В это же время, т. е. в декабре 1886 года Л. Н-ч пишет между прочим Н. Н. Ге:
«Я в Москве и так, несмотря на это, счастлив и спокоен большею частью, что ничего не желаю. Работы столько, вероятно что нужной людям, что знаешь вперед, что не кончишь. Также и у вас, я знаю. А как знаешь, что не кончишь работы, отпадает желание личной награды за нее, а остается одно сознание служения.

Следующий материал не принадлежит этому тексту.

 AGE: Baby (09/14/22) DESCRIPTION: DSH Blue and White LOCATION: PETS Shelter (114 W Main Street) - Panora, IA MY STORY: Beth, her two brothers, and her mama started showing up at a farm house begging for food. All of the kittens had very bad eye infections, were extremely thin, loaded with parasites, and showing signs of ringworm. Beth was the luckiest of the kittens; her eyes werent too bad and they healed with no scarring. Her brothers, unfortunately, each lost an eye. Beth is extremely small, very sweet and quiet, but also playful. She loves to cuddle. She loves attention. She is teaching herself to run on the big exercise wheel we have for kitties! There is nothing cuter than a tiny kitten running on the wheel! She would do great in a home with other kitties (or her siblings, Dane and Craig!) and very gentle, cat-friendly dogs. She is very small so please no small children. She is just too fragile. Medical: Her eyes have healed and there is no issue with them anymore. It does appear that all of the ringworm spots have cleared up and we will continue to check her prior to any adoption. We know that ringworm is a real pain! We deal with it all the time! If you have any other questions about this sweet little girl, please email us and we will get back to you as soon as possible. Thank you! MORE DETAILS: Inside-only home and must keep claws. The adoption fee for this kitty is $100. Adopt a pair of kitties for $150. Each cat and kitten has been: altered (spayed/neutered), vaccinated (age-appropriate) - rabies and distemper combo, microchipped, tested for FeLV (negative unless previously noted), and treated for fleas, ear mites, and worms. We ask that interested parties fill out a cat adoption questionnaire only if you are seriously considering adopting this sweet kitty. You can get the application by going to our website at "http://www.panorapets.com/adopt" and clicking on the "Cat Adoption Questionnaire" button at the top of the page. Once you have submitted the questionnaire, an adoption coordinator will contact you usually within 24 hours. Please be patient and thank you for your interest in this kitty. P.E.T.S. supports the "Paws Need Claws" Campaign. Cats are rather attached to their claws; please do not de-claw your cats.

Я иногда испытываю это и тогда особенно хорошо; но как только начнут другие хвалить (как у меня теперь с драмой), так сейчас является желание личной награды за свой труд и глупое самодовольство: каков я! что сделал! Правда, спасает от этого – вы тоже знаете это, – то, что некогда, а надо за другое приниматься… Когда не думаю о ваших работах ничего, а как подумаю, так ужасно хочется их видеть. Ну, живы будем, увидим. Чертков в деревне с женой. Дело печатания затихло от цензуры. Все марают. Я нахожу, что это хорошо. Ведь то, что насилием ничего нельзя сделать, есть не фраза, а самая очевидная истина. Так как же меня может огорчать то, что против моего дела употребляют то орудие, которое ничего не может сделать. Если огорчает, то тут непременно есть моя личность, та самая, которой не должно быть для моего дела…
Эпиктет не мешает Христу, но не заменяет Христа. Только через Христа и поймешь Эпиктета. Я читал Эпиктета и ничего не нашел. А после Христа понял всю его, Эпиктета, глубину и силу. Я думаю и с Конфуцием то же».
Связь Н. Н. Ге с Л. Н-чем все сильнее крепла. Он с увлечением вчитывался в его религиозно-философские художественные произведения нового периода и старался запечатлеть на бумаге и полотне возникавшие в его голове чудные образы.
В это приблизительно время Л. Н-ч написал текст к известной картине Ге «Тайная вечеря».
В этом тексте Л. Н-ч высказывает мысль, дающую новый смысл всему рассказу о тайной вечере. Христос умыл ноги ученикам и, стало быть, и Иуде. И сказав ему: что делаешь, делай скорее! Христос, побудив Иуду уйти, спас его от гнева учеников, уже догадывавшихся, кто предатель. Таким образом, вся прощальная беседа является не только словами, но делом высочайшей любви не только к ближним, но и к врагам.
В ноябре этого года Л. Н-ч пишет к Н. Н. Ге:
«У меня все хорошо, Божья благодать. Радостей мне Бог дает слишком много. В семье доброе семя хоть медленно, но, несомненно, растет. Людей, братьев по вере все прибывает».
Из переписки Л. Н-ча с его друзьями и знакомыми упомянем его письмо к одному революционеру Л-ому, побывавшему у него и потом написавшему ему письмо, в котором, выражая сочувствие, он делал Л. Н-чу некоторые возражения. Искренность, замеченная Л. Н-чем в этом человеке, и серьезное искание правды побудили Л. Н-ча ответить ему большим письмом, в котором Л. Н-ч дает ясное определение своей точки зрения на революционную деятельность, указывая на сходство и различие между двумя мировоззрениями. Говоря об отношении революционеров к правительству, Л. Н-ч видит их слабость в том, что они, подобно правительству, допускают употребление насилия, хотя и направленного в обратную сторону.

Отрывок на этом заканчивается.